I noticed a post on Dom’s blog asking for suggestions on how to prevent exploits in user submitted HTML using PHP and thought that I’d post an in-depth response regarding the security practices that should be followed when designing and building a site that accepts UGC.
What Is UGC?
User generated content is at the heart of most web 2.0 sites, from Facebook to Delicious via Digg, Flickr and Twitter. All these sites generate loads of traffic from data that their userbase submits for free - which sounds like a great deal, until a malicious user discovers an exploit and suddenly the site is awash with viagra spam, malware and popups and then legitimate users soon leave.
UGC simply means anything that your users enter which is later displayed on your website.
This includes usernames, comments, email address, blog entries (if you run a blogging platform), tweets etc. Note that this data doesn’t have to come from a form served by your server - JSON, XML, RSS feeds and thirdy party adverts can all contain undesirable markup.
Types Of Exploits found In UGC
Exploits can take many forms but two of the most common are cross site scripting (XSS) and SQL injection, both of which can and should be prevented in server-side code.
A Common XSS Attack
An example of an XSS exploit could be found on a social website (with features such as those found on Facebook or Bebo). A bad guy creates a profile and lists his homepage as:
Then the bad guy runs a script that befriends every user he can find. Many of them will click on his homepage URL to see what he is all about. When they do, they’ll see an alert box like this:
More inventive attackers could use the exploit to automate friend messages, send spam, show viagra adverts or even scrape sensitive data. All of which are very damaging for the site’s reputation and mean that the owner will be busy cleaning up for a long time.
Typical SQL Injection Attacks
Most UGC is stored in a relational database such as MySql. SQL injection attacks exploit lazy (or naiive) programmers that build up strings of SQL to send to the database containing the raw data supplied, such as this example that searches for a user with the supplied name:
$sql = "SELECT * FROM users WHERE username = '" . $_POST['username'] . "'";
This will create a simple SQL select statement, like this (if I supply the username andy):
SELECT * FROM users WHERE username = 'andy'
A piece of working SQL, but it is vulnerable. An attacker might enter a username like
'; DELETE FROM users; --. Which would result in the following SQL being created:
SELECT * FROM users WHERE username = ''; DELETE FROM users; --';
Readers familiar with SQL should now be experiencing a deep sense of dread (and possibly awe at the inventiveness of some people). The SQL code would delete every single entry from the
users table if were executed, even though the author thought he was writing a read-only SELECT statement. Scary stuff!

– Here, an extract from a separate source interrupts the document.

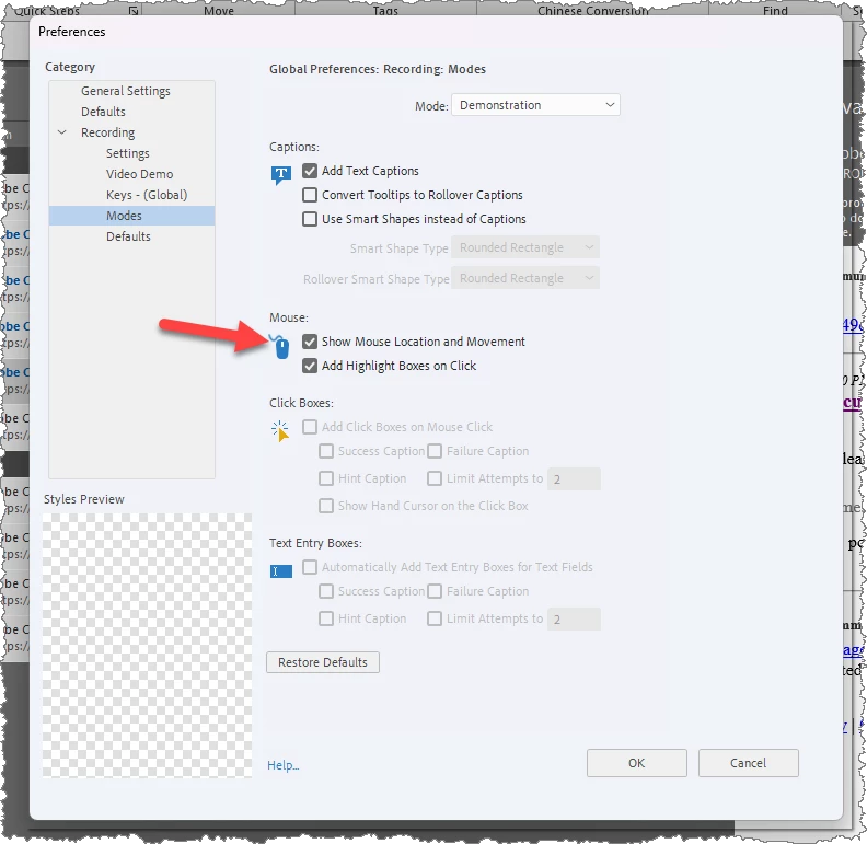 In Captivate 2019 I have recorded a software simulation and change the mouse cursor to double size and a custom blue click. I have published the file to html and loaded it on our LMS. The mouse does not show in the course. It also does not show in Preview mode. I have preferences set to Show Mouse Location and Movement.

Preventing SQL Injection Attacks
Preventing attacks like the SQL injection outlined above is quite straightforward, if you use a feature common almost all RDBMS clients - use prepared statements with bind variables.
Using bind variables would mean that the SQL would change to:
SELECT * FROM users WHERE username = ?
NB: The actual syntax of bind variables can vary between RDBMS platforms
So, whatever strings you provide to the database will behave just as you expect - they cannot be interpreted as SQL. There are significant performance benefits too.
Guarding Against Cross Site Scripting Attacks
There is no simple action to prevent XSS attacks - you must analyse all possible user inputs and determine how they must be sanitised.
Regular expressions can help determine if a user supplies invalid data but don’t just rely on regexps, specify minimum and maximum lengths too. Determine what format the user-supplied data will take is vital to perform further content specific checks.
Plain Text Input
Usernames and status updates usually take the form of plain text, but you will need to only allow a restricted character set (don’t forget that hackers can send a string of backspace or escape characters).
Other issues to consider for plain text input are:
- Is the data case sensitive?
- Internationalisation - will you support accented characters, or even non-latin characters sets?
- Will a username be used to create a URL, as Twitter does?
- Is the data displayed publicly? If so, it would be best to prevent people from using their email address as their username.
Remember to output your strings with correct HTML encoding. See PHP’s
htmlentities(), Perl’s CGI module, the Ruby
cgi escape etc.
It is common for social sites and blogs to allow members or commenters to link to their homepage. In this case, you probably want to restrict the protocol of the URL to just HTTP and HTTPS (definitely not
Consider very carefully whether you should nofollow the links - if you don’t endorse the page, or it might be an affiliate link then you should.
You also need to have a blacklist of disallowed domains which should include most common URL shorteners. URL shorteners can be abused (get a list of them here).
Other domains are often targets for spammers, so make sure that your list can be easily edited. You might want to consider using regular expressions here too, so that you could (for example) block *.blogspot.com.
Another check that your legitimate users will find reassuring, is to check the URL against Google’s safe browsing API.
File or Image Upload
If you allow users to upload their own avatars to your site you need to check them thoroughly. Only allow files in known formats, and check the MIME Type not the file extension.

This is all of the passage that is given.